After months of refraining from writing about this, I’m going to put it out there. Like so many other folks, my life is touched by addiction. Someone I care very much about is an alcoholic. I have hesitated to write about it because it is painful and I really believe you need to put a lot of thought about what you put on the internet for the whole world to read. The web leaves a deep and enduring footprint, and I don’t what to do anything to harm someone. Words are an important coping mechanism for me, and I am finally writing about it because it will help me to heal, and I think I can do it in a way that maintains the privacy of the addict. This post is about me really and not about the alcoholic. I need to do this, and I may never write about it again. It is a tiny step and yet, such a giant leap for me. Will you hold my hand while I jump from the curb?
An open letter to my friend, the alcoholic:
I love you, I really do, but your disease casts a wide reaching net that has pulled me under and practically drowned me in recent months. I keep thinking you’ll hit rock bottom and make a change, but that hasn’t happened despite everything you’ve lost this year. After months of butting my head against the wall and picking up the pieces each time you fall, I have finally learned that I can’t “fix” you. Only you can fix you. However, I can fix myself, and I need fixing. After your most recent brush with disaster, I have hit my “rock bottom”. You see, I realize this disease makes the non-addicted sick, too. And I’m sick and tired of being sick and tired. You have not chosen recovery, but I have. My recovery starts today.

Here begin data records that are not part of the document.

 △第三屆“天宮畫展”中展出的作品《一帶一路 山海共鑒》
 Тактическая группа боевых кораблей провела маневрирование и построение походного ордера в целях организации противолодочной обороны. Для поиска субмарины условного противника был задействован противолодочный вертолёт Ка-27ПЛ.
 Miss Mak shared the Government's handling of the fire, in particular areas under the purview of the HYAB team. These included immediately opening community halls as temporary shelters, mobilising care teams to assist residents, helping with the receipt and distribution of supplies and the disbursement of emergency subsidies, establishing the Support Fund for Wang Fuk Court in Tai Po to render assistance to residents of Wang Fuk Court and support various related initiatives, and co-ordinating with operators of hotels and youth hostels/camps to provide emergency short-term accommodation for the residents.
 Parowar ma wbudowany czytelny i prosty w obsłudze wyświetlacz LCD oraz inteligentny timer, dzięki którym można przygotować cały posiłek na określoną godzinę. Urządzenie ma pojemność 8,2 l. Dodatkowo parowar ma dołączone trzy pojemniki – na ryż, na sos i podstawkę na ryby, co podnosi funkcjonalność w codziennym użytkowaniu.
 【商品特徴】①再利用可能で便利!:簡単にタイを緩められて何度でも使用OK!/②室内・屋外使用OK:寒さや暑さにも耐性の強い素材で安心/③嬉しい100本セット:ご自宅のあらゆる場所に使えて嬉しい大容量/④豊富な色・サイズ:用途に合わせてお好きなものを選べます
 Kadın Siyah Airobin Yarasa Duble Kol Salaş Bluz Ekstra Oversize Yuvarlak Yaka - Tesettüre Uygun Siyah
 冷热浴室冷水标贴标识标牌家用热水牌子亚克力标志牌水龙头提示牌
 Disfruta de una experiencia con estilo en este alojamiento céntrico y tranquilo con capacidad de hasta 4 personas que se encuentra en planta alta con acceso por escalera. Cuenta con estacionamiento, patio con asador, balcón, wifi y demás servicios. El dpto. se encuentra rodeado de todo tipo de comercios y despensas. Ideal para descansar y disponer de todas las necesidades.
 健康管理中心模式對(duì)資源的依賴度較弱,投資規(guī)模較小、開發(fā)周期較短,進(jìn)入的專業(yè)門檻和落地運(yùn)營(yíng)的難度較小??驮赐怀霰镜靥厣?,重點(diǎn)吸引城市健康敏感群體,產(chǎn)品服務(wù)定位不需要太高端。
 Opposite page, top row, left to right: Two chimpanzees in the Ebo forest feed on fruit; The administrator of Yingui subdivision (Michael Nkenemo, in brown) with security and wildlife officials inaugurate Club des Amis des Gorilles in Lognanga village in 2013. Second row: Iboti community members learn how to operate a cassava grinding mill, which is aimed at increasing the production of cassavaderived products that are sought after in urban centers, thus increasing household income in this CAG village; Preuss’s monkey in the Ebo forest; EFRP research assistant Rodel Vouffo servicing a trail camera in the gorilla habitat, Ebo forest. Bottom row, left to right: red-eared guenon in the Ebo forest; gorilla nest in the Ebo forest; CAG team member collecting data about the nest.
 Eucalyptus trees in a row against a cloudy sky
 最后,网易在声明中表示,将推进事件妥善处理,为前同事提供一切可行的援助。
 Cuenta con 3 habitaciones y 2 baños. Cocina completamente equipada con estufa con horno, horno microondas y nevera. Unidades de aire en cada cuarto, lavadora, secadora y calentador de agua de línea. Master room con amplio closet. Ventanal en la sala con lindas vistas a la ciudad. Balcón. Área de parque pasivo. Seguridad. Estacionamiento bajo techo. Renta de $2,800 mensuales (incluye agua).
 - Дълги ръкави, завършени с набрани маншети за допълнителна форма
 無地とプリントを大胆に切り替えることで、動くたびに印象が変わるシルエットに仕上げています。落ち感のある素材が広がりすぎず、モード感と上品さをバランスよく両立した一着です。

I will stop driving by your house every day, wondering what condition you’re in. Little clues like whether your lights are on just fuel my overactive imagination. Sitting at home at night, wondering if this is the day it gets the best of you is making me physically ill, and I have to find a way to stop that. I have to stop making myself a hostage to my worries. I can’t let this disease consume me, too. I will not clean up any more of your messes. You must face the consequences of whatever problems you create with your drinking, or you will never have a chance to get well. Conversely, you can truly own your victories, too.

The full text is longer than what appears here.